Abstract
Transient liquid phase (TLP) bonding of Al2024‐T6 alloy, using gallium (Ga) interlayer, has been investigated. Bonding process was carried out at 470°C for 6 min, and homogenising temperature and time were 495°C and 2 h respectively. Conventional TLP bonding using Ga interlayer was not an appropriate method for joining of Al2024. In this method, the boundary between two Al2024 specimens was not fully eliminated during bonding because of solidification with planar front. In addition, bonding zone was depleted of copper, and as a result, tensile and shear strength of joint decreased to 200 and 110 MPa respectively. TLP bonding under temperature gradient offered very good results in bonding of Al2024. In this method, solidification mechanism change from planar to dendritic, and tensile and shear strength of joint increased to about 460 and 220 MPa respectively. Microstructure of bonding zone changed basically by changing solidification mechanism.
Introduction
High strength aluminium alloys find increasing application in welded commercial and aerospace structures, where high strength, light weight and corrosion resistance are essential.

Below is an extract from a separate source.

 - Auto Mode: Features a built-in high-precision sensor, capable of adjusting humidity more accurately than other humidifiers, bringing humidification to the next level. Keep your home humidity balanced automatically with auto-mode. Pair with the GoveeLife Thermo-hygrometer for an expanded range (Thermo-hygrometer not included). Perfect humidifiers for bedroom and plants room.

Al2024 aluminium alloy is one of the strongest alloys in the Al–Cu group, which is very sensitive to hot cracking. Figure 1 shows hot crack sensitivity of Al–Cu alloys versus Cu content. Hot cracking of aluminium alloys welds is influenced metallurgically by temperature range of dendrite coherence and the type and amount of liquid available during solidification.1 Alloy has very low strength and practically no ductility in the ‘mushy’ temperature range, which is between the formation temperature where coherent interlocking dendrites first form and the solidus temperature. Tensile stresses above this low strength cause failure by tearing or hot cracking. The wider the coherence range, the greater the tendency for hot cracking because solidification shrinkage strains are proportional to the temperature interval over which solidification occurs.

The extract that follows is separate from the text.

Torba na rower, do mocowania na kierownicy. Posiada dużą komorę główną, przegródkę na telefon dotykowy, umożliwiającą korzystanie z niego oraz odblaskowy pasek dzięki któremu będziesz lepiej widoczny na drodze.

Relative crack sensitivity versus weld composition for various binary aluminium systems1
Al2024 has ∼4·5%Cu with a small amount of Mg, which increases cracking in Al–Cu alloys by greatly depressing the solidus but not the highest temperature of coherence. Thus, the coherence range is extended and the probability of hot cracking increases.1,2
Welding of Al2024 by fusion methods (such as tungsten inert gas, metal inert gas and laser welding) is practically impossible because of high sensitivity to hot cracking. Transient liquid phase (TLP) bonding is a method that enjoys the best features of diffusion bonding and brazing methods. In this paper, the TLP bonding of Al2024 alloy using Ga interlayer was investigated, and the microstructure and mechanical properties of joint were studied.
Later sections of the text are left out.